Он сперва собирался купить зеркало, но потом сообразил, что получившую такой подарок Тараторку попросту засмеют. Тогда он стал искать несессеры и обнаружил, что они бывают разные — иные только с принадлежностями для шитья, иные со всякими флакончиками, кисточками, пинцетиками и вовсе загадочными вещицами. Маликульмульк подумал — и выбрал тот, где непонятных штучек побольше. Тараторка уже почти девица на выданье, пора ей в этих делах разбираться. Одно смутило — приказчик, заворачивая покупку, сказал сладеньким голоском:
— Радостных вам Святок с вашею хозяюшкой!
Потом он поехал домой. Квартирные хозяева уже хорошо знали его привычки и на просьбу об ужине откликнулись двойной порцией. Это была рыбная кулебяка — Маликульмульк нарочно поселился в доме, принадлежащем русскому семейству, чтобы кормили сытно и без затей. Надо ж было и Косолапого Жанно побаловать.
Потом он лег спать, но сон никак не шел. Денек выдался суматошный — тут тебе и выходец с того света, и фон Димшиц… и вспомнился мальчик со скрипкой — мальчик без скрипки, бедный обокраденный Никколо Манчини…
И стало не до сна.
Как он играл! Какую страсть вложил в «Дьявольскую трель»! Уж точно — всю душу в музыку перелил, ничего себе даже на донышке не оставил. А потом, когда обнаружилась пропажа скрипки, у него даже не было сил рыдать — просто сидел, не двигаясь, и по бледным щекам катились слезы. Даже ни слова, кажется, не произнес…
Маликульмульк вдруг ясно осознал, что дивное дитя умирает. Лекарства бессильны — Никколо лишился разом души и языка. Такие потрясения убивают — и ничем не заменить творение Гварнери дель Джезу, звуки обычной скрипки для Никколо убийственны; только тот, кто сам играет на любимом инструменте, знает это ощущение отторжения, когда тембр не тот, вибрации не совпадают!
В комнатушке было жарко, хозяйская Машка топила на совесть. Он скинул одеяло, вскочил, сорвал с себя рубаху. Сейчас он был самим собой — голым огромным ночным чудовищем, нарастившим белую броню, и броня эта одной своей тяжестью должна была внушать душе чувство безопасности, но сейчас она, как снежный пласт, вдруг протаяла от незримого луча именно там, где свила гнездо неприкаянная душа, душа неудачника, который во что ни вложит ее — то и провалится с треском. Единственное, что оказалось удачным, — так это игра. Большая Игра дала душе передышку и уверенность, даже помогла ей окрепнуть. Ведь сколько же было поражений? Все возможные и невозможные поражения — кроме разве что самого последнего, когда «со святыми упокой».

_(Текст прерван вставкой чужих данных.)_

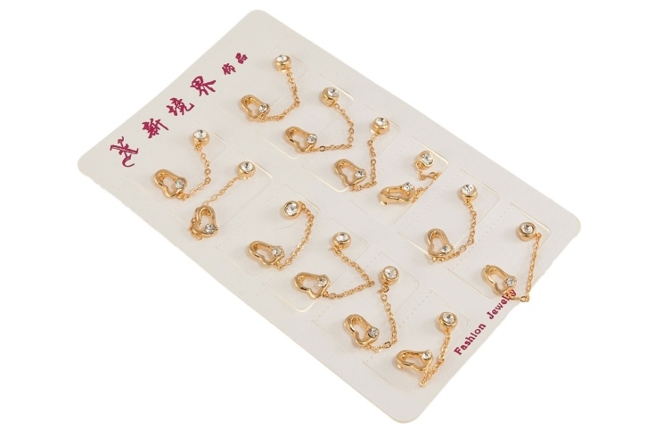 Dwa kolczyki połączone łańcuszkiem. Jeden kolczyk jest w kształcie serduszka, a drugi to pięknie mieniący się kamień.
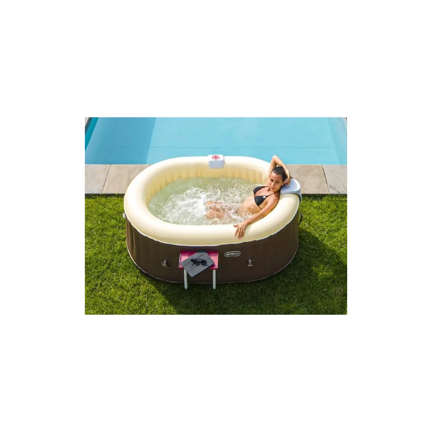 Nadmuchiwane spa EasyZone to bardzo duża owalna wanna z hydromasażem, praktyczna i funkcjonalna. Poprzez panel sterowania można nie tylko napompować i opróżnić basen w kilka minut dzięki zintegrowanej pompie wewnętrznej, ale także zarządzać różnymi funkcjami oraz dostosować poziom temperatury do swoich potrzeb. W ten sposób można korzystać z basenu o każdej porze roku. Podczas długich, letnich dni lub ogrzać się wieczorem w chłodne miesiące dzięki funkcji grzania, która może podnieść temperaturę wody nawet do 40°C.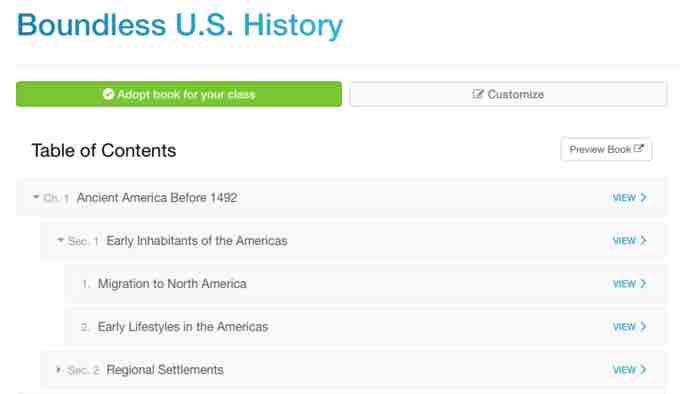 A screenshot of the Boundless table of contents for U.S. History, demonstrating the chapter-section-concept structure and numbering.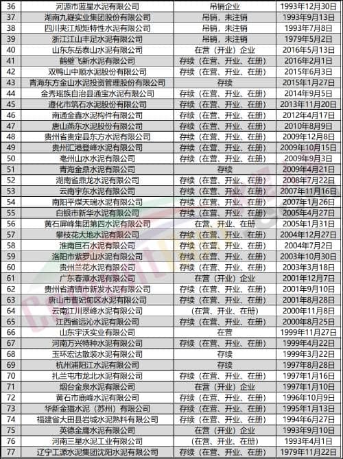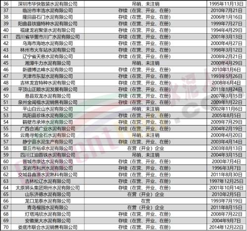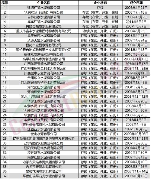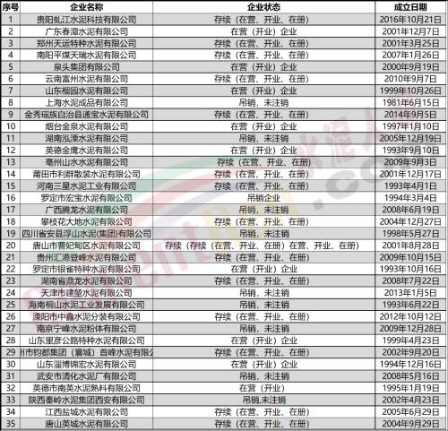 據水泥人網不完全統計,涉及行政處罰的99家水泥企業狀態均為存續、在營、開業、在冊企業,其中不乏海螺、冀東、華潤、紅獅、山水等水泥集團旗下企業。
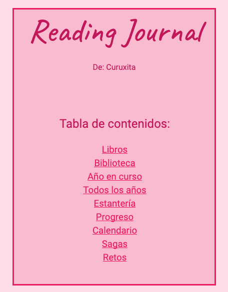 Un "reading journal" es un registro de todos nuestros libros añadiendo además muchos datos de interés; autor, fecha de publicación, número de páginas, puntuación... yo además, añadí otros datos que desde mi punto de vista resultan interesantes; retos, estantería, sagas, etc. así es más divertido rellenarlo y además de para tener un control de nuestra biblioteca, sirve para motivarnos a leer y a mantenerlo actualizado.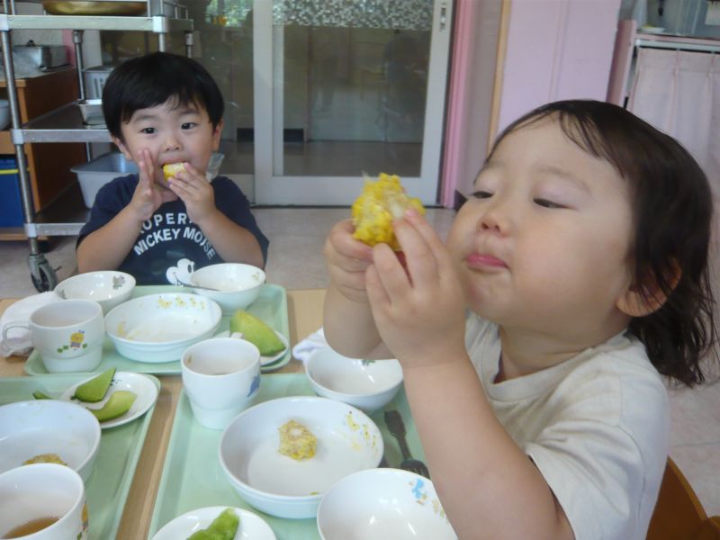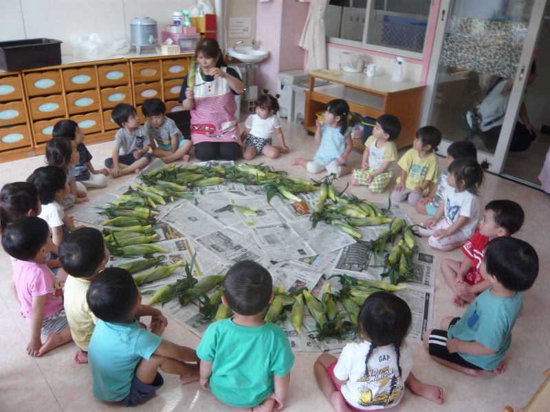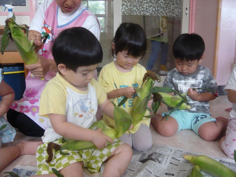 とうもろこしの黄色いお顔が見えると「わぁ~!」と喜ぶ声が聞こえてきました。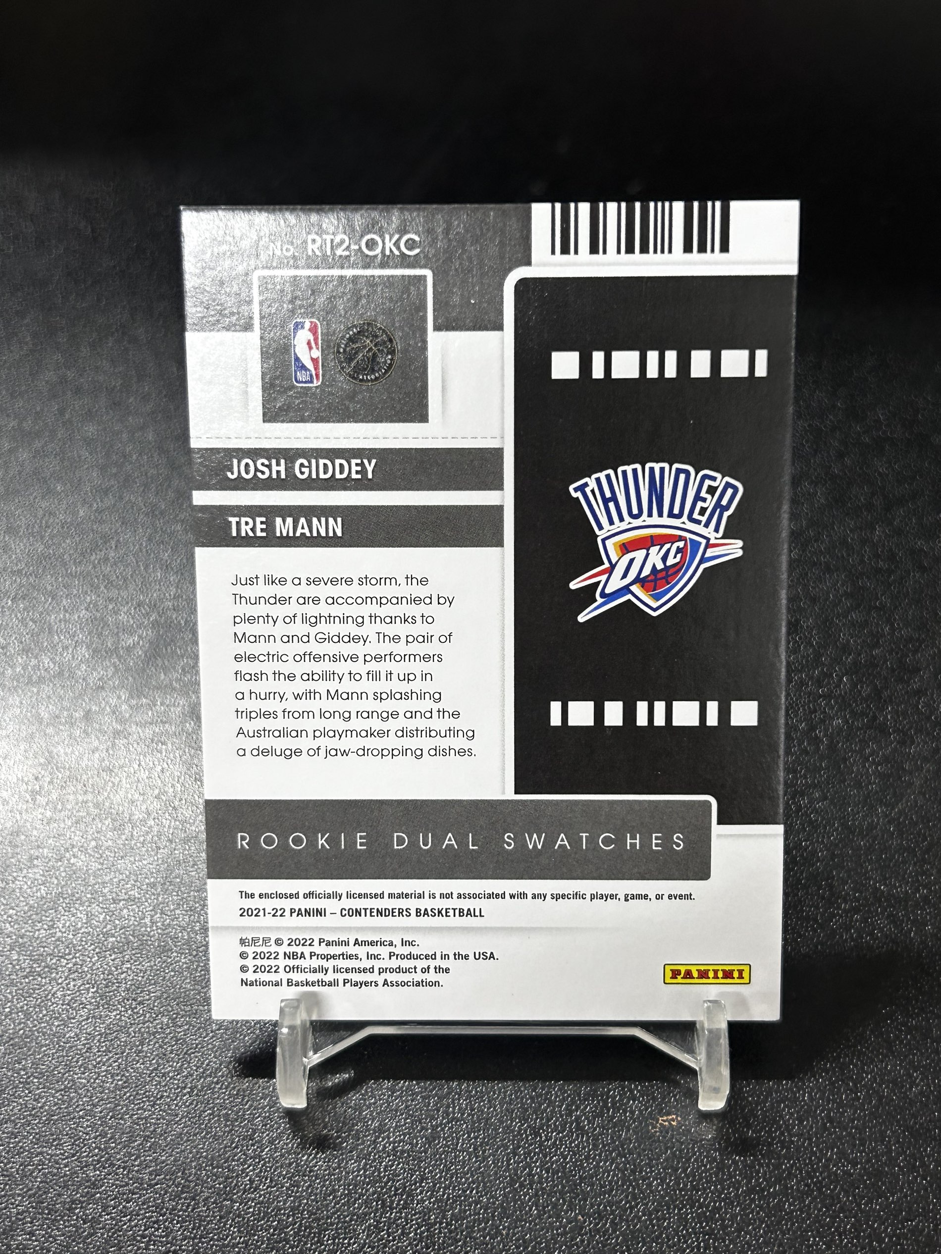 【浩行拍卖 截标预付82%】2021-22 panini contenders 球票 雷霆 约什 吉迪 基迪 特雷 曼恩 rc 新秀 双人 球衣 物料 专收必备「苏区」1014D05張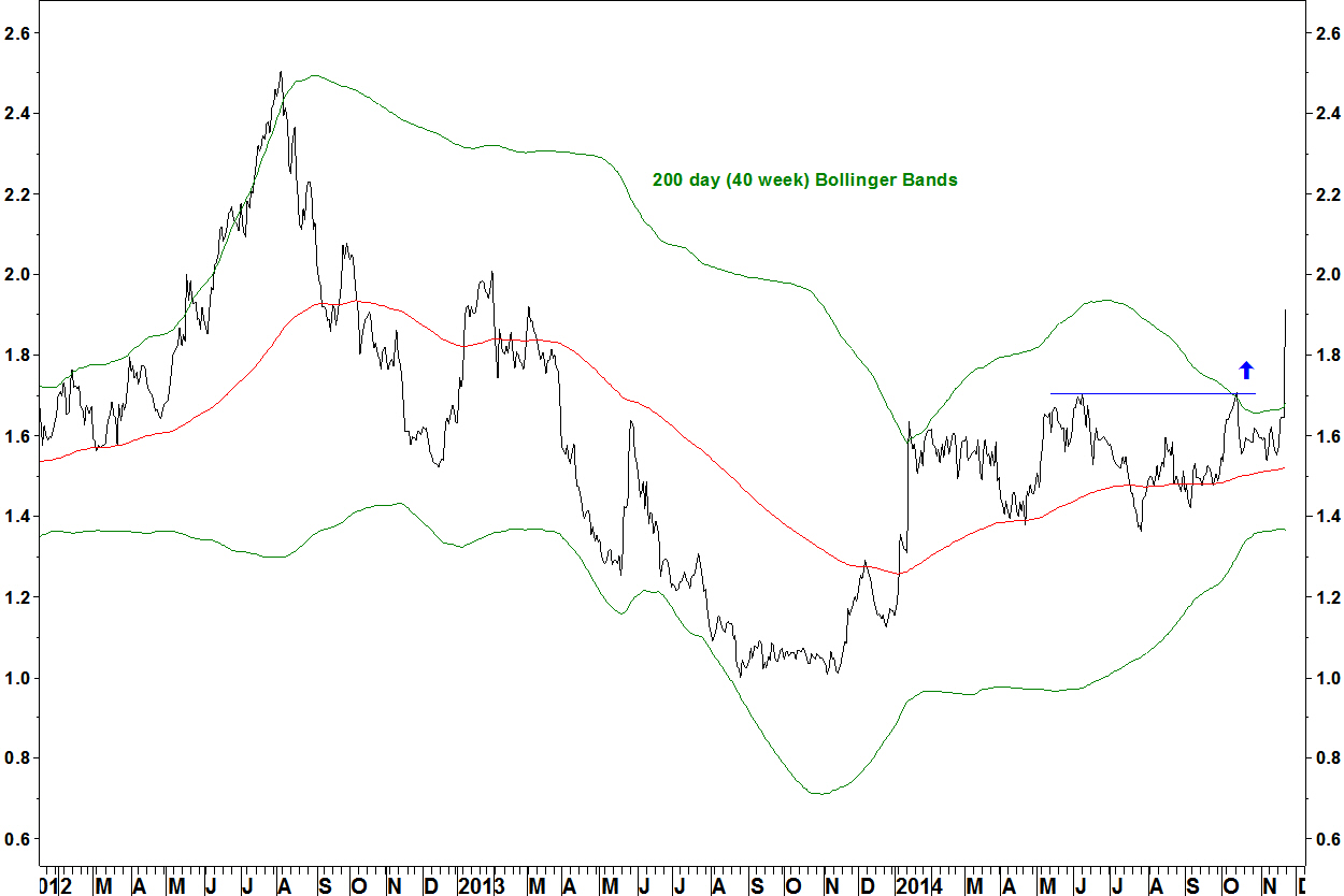 - After the consolidation since January 2014, the 50 week Bollinger Bands are at their tightest in over 3 years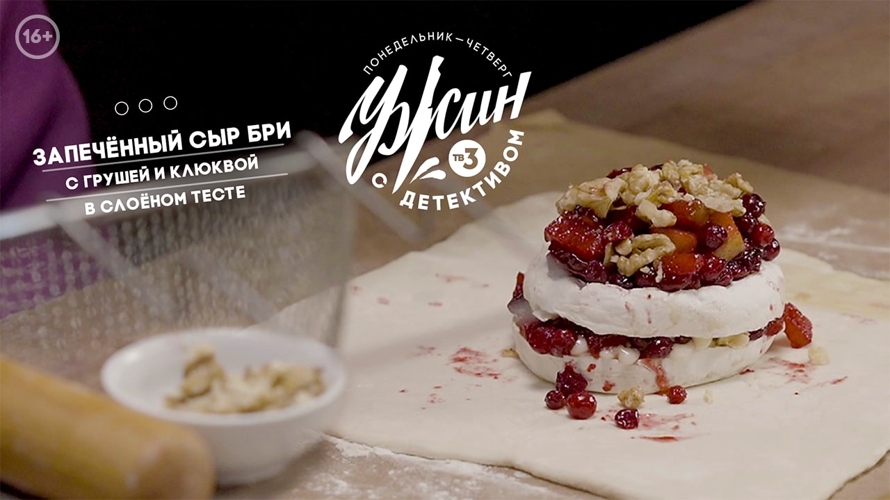 Вот и пришло время для сладенького! Специально для "Ужина с детективом" шеф Дмитрий поделился с нами рецептом великолепного десерта? 16+ Для его приготовления нам понадобятся: Сахар-песок – 3 ст. л. Сливочное масло – 50 г. Клюква – 60 г. Груша пакхам большая – 1 шт. Грецкие орехи – 50-60 г. Тесто слоеное бездрожжевое ("Звездное" от "Хлебного Дома") Сыр бри круглый – 1 шт. Мороженое пломбир – 70-100 г. Шаг 1. Сахар-песок растопить до карамельного цвета, добавить сливочное масло, размешать и выложить нарезанную грушу слайсами с клюквой. Тушить пару минут. Шаг 2. Содержимое выложить на тарелку остужать, а всю жидкость (карамель) – оставить в сковороде. Шаг 3. Слегка присыпать стол мукой, разделить слоеное тесто на 2 части, раскатать одну часть в квадрат, чтобы тесто покрывало противень, а сыр бри разрезать пополам и поставить в центр противня. Шаг 4. Выложить начинку и часть грецких орехов, накрыть второй половиной слоеного теста и снова положить начинку с орехами. Шаг 5. Смазать края теста яйцом, залепить их, потом смазать верхний слой. Шаг 6. Отправить в духовку на 20 минут при 200 °С. После чего дать остыть 10 минут. Оставшуюся загустившуюся карамель вылить сверху и подать на стол с шариком мороженого. Десерт готов! Приятного аппетита♥️

А дивное дитя, измученное и уничтоженное собственными победами, умирает. Так что же лучше для человека?
Сейчас Маликульмульк уже почти верил старому Манчини — жизнь, высосанная из мальчика улетевшей скрипкой, чем-то была похожа на его собственную, высосанную множеством неудачных попыток явить миру свой талант. Как удалось спастись — одному Богу ведомо. Спаслась плоть — ей ничто не угрожало. Спасся тот зародыш в ней, из коего можно было бы вырастить новую бесстрашную душу, да боязно, вот и бережешь то, что уцелело.
Маликульмульк не любил думать о неприятном. Он научился погружать эту маленькую душу в сон. Но были слова, на которые она все же откликалась, и с этим он ничего не мог поделать. Были слова, за которыми она готова была лететь туда, где они прозвучат, и испытать боль — лишь бы прожить несколько мгновений надежды и веры. А потом хозяин, спохватившись, говорил ей: «Спать, спать, расслабиться и сквозь опущенные веки следить за тем, как сменяются дневные пятна света и ночные пятна мрака! Ибо только так сохранишься, любезная душа, только так залечишь раны…»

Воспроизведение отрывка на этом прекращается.